A Law Unto Herself: A Novel
Rebecca Harding Davis
Paperback
(Forgotten Books, June 23, 2012)
ON a raw, cloudy afternoon in early spring a few years ago a family-carriage was driven slowly down a lonely road in one of the outlying suburbs of Philadelphia, stopping at last in front of an apparently vacant house. This house was built of gray stone, and stood back from the road, surrounded by a few sombre pines and much rank shrubbery: shrubbery and trees, and the house itself, had long been abandoned to decay. Heah am de place, sah, said the footman, opening the carriage-door. An old gentleman in shabby clothes, embellished dramatically by a red neck tie, an empty sleeve pinned to his breast, sprang out briskly; a lady followed, and stood beside him: then a younger man, his head muffled in a close fur cap, a yellow shawl wrapped about his neck, looked feebly out of the window. His face, which a pair of pale, unkindled eyes had never lighted since he was born, had been incomplete of meaning in his best days, and long illness had only emphasized its weakness.
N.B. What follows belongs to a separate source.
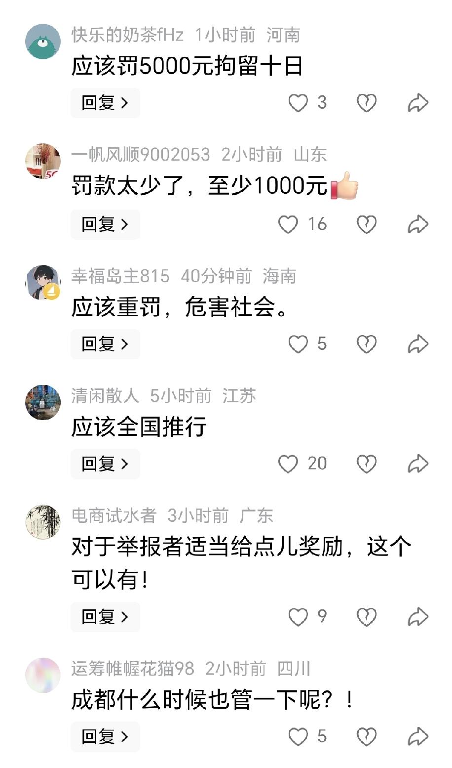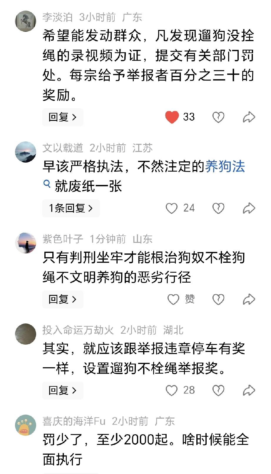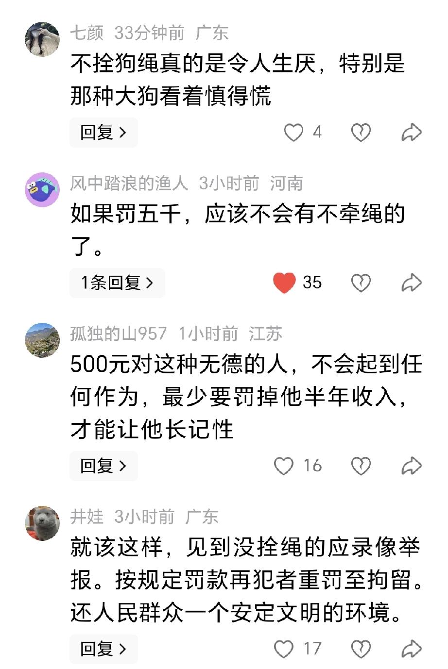 遛狗不牵绳真的就管不了了吗? 刚在头条看到一篇深圳新闻网发的消息,说是深圳一居民因为遛狗不牵绳,被相关部门罚款500元。 看这条消息下的评论,清一色是支持的,可见对遛狗不拴绳,公众的恼怒已到了何种程度。 当下全国的城市,恐怕都会有关于养犬的相关规定,这些规定中也一定会有针对遛狗不牵绳的处罚措施,但遛狗不牵绳的现象,却在几乎每个城市都普遍存在着,使得相关的管理规定形同虚设,公众对不文明的养犬行为怨声载道。 难道真就没有办法治理这遛狗不牵绳的行为了吗?非耶! 在这条消息下方的评论区,有网友就建议对遛狗不牵绳者,发现者可以拍照举报,就像举报机动车违章违停那样的,将遛狗不牵绳者的不文明行为,将拍的照片或视频发到相应的举报平台,然后由相关部门进行落实并严格处罚。 若真的能实行这样的方法,虽然不能说会杜绝遛狗不牵绳的不文明行为,但肯定会极大地减少此类行为的。这就要看相关部门是否有这样的决心了!

He half rose, sat down again, stared uncertainly at the house, yawned nervously, quite indifferent to the fact that the lady stood waiting his pleasure. His money and his bodily sufferings - for he was weighted heavily with both - were quite enough, in his view, to give him the right to engross the common air and the service of other men and women. Indeed, a certain indomitable conceit thrust itself into view in his snub nose and retreating chin, which made it highly probable that if he had been a stout day-laborer in the road yonder, he would have been just as complacent as now, and have patronized his fellows in the ditch. Will you take my arm, William? said the old man waiting in the road. This is the house. No. I have half a mind to drop the whole matter. Why should I drag out the secrets of the grave? God knows, I shall find them out soon enough! Just so. Precisely. It's a miserable business for this April day.